= Not every $x$ belongs to the elliptic curve over a non quadratically closed field
One major difference between the <elliptic curve over a finite field> or the <elliptic curve over the rational numbers> the <elliptic curve over the real numbers> is that not every possible $x$ generates a member of the curve.
This is because on the <equation Definition of the elliptic curves> we see that given an $x$, we calculate $x^3 + ax + b$, which always produces an element $y^2$.
But then we are not necessarily able to find an $y$ for the $y^2$, because not all <field (mathematics)>[fields] are not <quadratically closed fields>.
For example: with $a = 1$ and $b = 1$, taking $x = 1$ gives:
$$
y^2 = 1^3 + 1 \times 1 + 1 = 3
$$
and therefore there is no $y \in \Q$ that satisfies the equation. So $x = 1$ is not on the curve if we consider this <elliptic curve over the rational numbers>.

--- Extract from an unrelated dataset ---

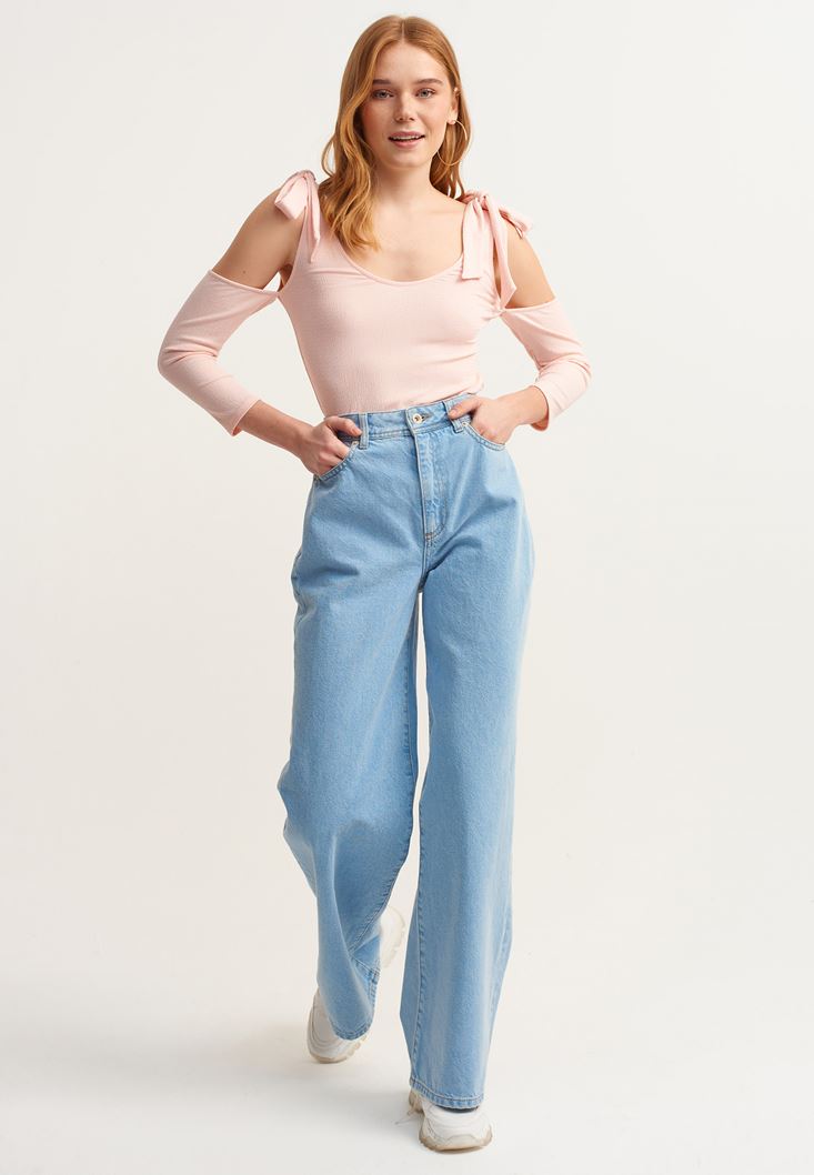 Bağlama Detaylı Bluz ve Denim Pantolon Kombini

That $x$ would also not belong to <Elliptic curve over the finite field> $\F_4$, because doing everything $\mod 4$ we have:
$$
\begin{aligned}
0*0 &= 0 & &\mod 4 \\
1*1 &= 1 & &\mod 4 \\
2*2 &= 4 &= 0 &\mod 4 \\
3*3 &= 9 &= 1 &\mod 4 \\
\end{aligned}
$$
Therefore, there is no element $y \in \F_4$ such that $y \times y = 2$ or $y \times y = 3$, i.e. $2$ and $3$ don't have a <multiplicative inverse>.
For the <real numbers>, it would work however, because the <real numbers> are a <quadratically closed field>, and $\sqrt{3} \in \R$.
For this reason, it is not necessarily trivial to determine the <number of elements of an elliptic curve>.